* [EXERCISE DIRECTIONS] What you return must match the listing below character for character, minus any pictures.

SOURCE MATERIAL section start

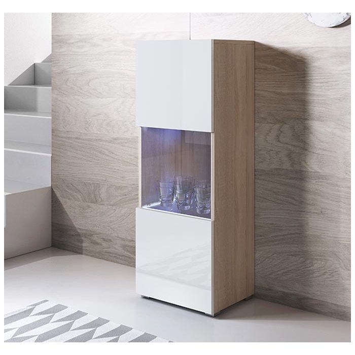 Vetrina modello Luke V3 (40x128cm) colore sonoma e bianco con piedini standard
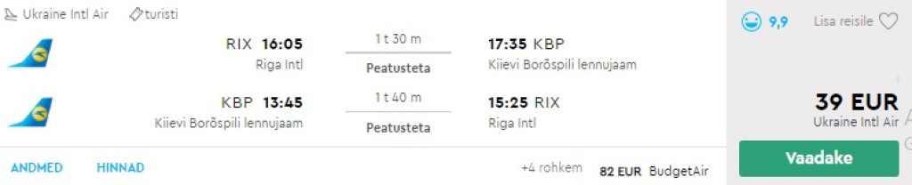 UIA'l on hetkel müügis väga soodsad otselennud varajastele broneerijatele Riiast Kiievisse. Edasi-tagasi lennupiletid on saadaval vaid 39€ eest ning alla on hinnatud peaaegu kõik kuupäevad 2020. aasta märtsiks ja aprilliks. Lendude kellaajad on väga soodsad samal päeval Riiga ja Riiast tagasi reisimiseks. Piletiteni jõudmiseks kliki allolevatel näidiskuupäevadel või kontrolli endale sobivaid kuupäevi läbi momondo.ee. Lennupiletite hinna sees on käsipagas!
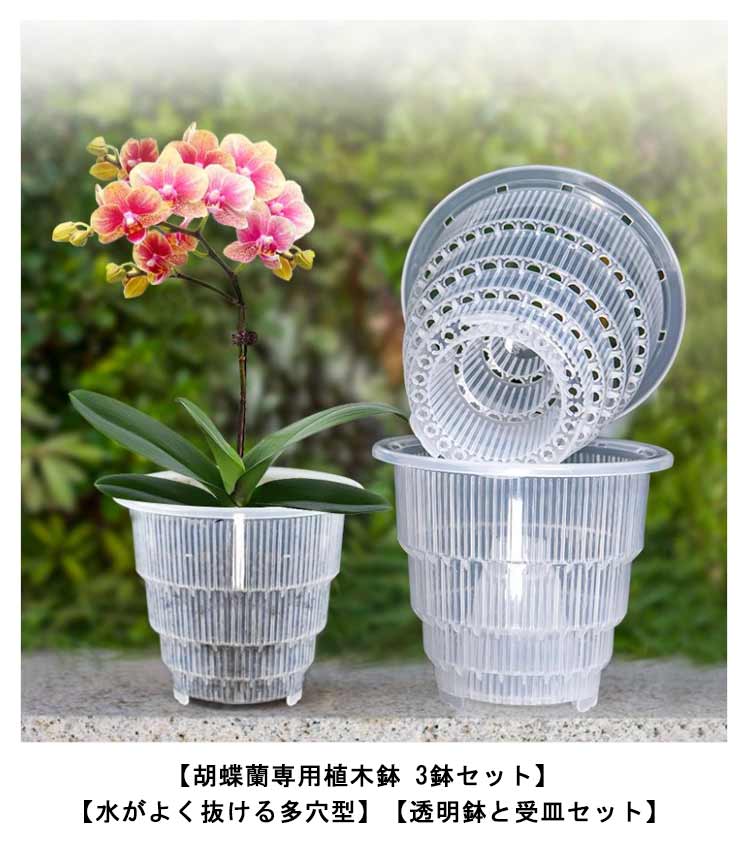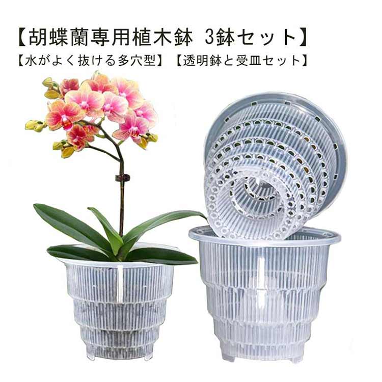 胡蝶蘭専用 植木鉢 3鉢セット 胡蝶蘭の植え替え 鉢 受皿付き 多穴型 通気性抜群 根腐れ防止 直径12cm 直径15cm 排水穴付き プラスチック おしゃれ 蘭の鉢 観葉植物の鉢 透明 クリア 根が見える鉢 多肉植物 洋蘭 胡蝶蘭 送料無料
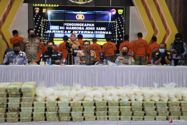 Kapolda Aceh dalam konferensi pers tersebut mengungkapkan, di satu sisi ini merupakan suatu keberhasilan polri dalam memberantas narkotika, namun di sisi lain Kapolda Aceh sangat prihatin melihat masih ditemukannya narkotika jenis sabu seberat 353 Kg di Aceh.

SOURCE MATERIAL section end

* [EXERCISE ANSWER]
 Vetrina modello Luke V3 (40x128cm) colore sonoma e bianco con piedini standard
 UIA'l on hetkel müügis väga soodsad otselennud varajastele broneerijatele Riiast Kiievisse. Edasi-tagasi lennupiletid on saadaval vaid 39€ eest ning alla on hinnatud peaaegu kõik kuupäevad 2020. aasta märtsiks ja aprilliks. Lendude kellaajad on väga soodsad samal päeval Riiga ja Riiast tagasi reisimiseks. Piletiteni jõudmiseks kliki allolevatel näidiskuupäevadel või kontrolli endale sobivaid kuupäevi läbi momondo.ee. Lennupiletite hinna sees on käsipagas!
 胡蝶蘭専用 植木鉢 3鉢セット 胡蝶蘭の植え替え 鉢 受皿付き 多穴型 通気性抜群 根腐れ防止 直径12cm 直径15cm 排水穴付き プラスチック おしゃれ 蘭の鉢 観葉植物の鉢 透明 クリア 根が見える鉢 多肉植物 洋蘭 胡蝶蘭 送料無料
 Kapolda Aceh dalam konferensi pers tersebut mengungkapkan, di satu sisi ini merupakan suatu keberhasilan polri dalam memberantas narkotika, namun di sisi lain Kapolda Aceh sangat prihatin melihat masih ditemukannya narkotika jenis sabu seberat 353 Kg di Aceh.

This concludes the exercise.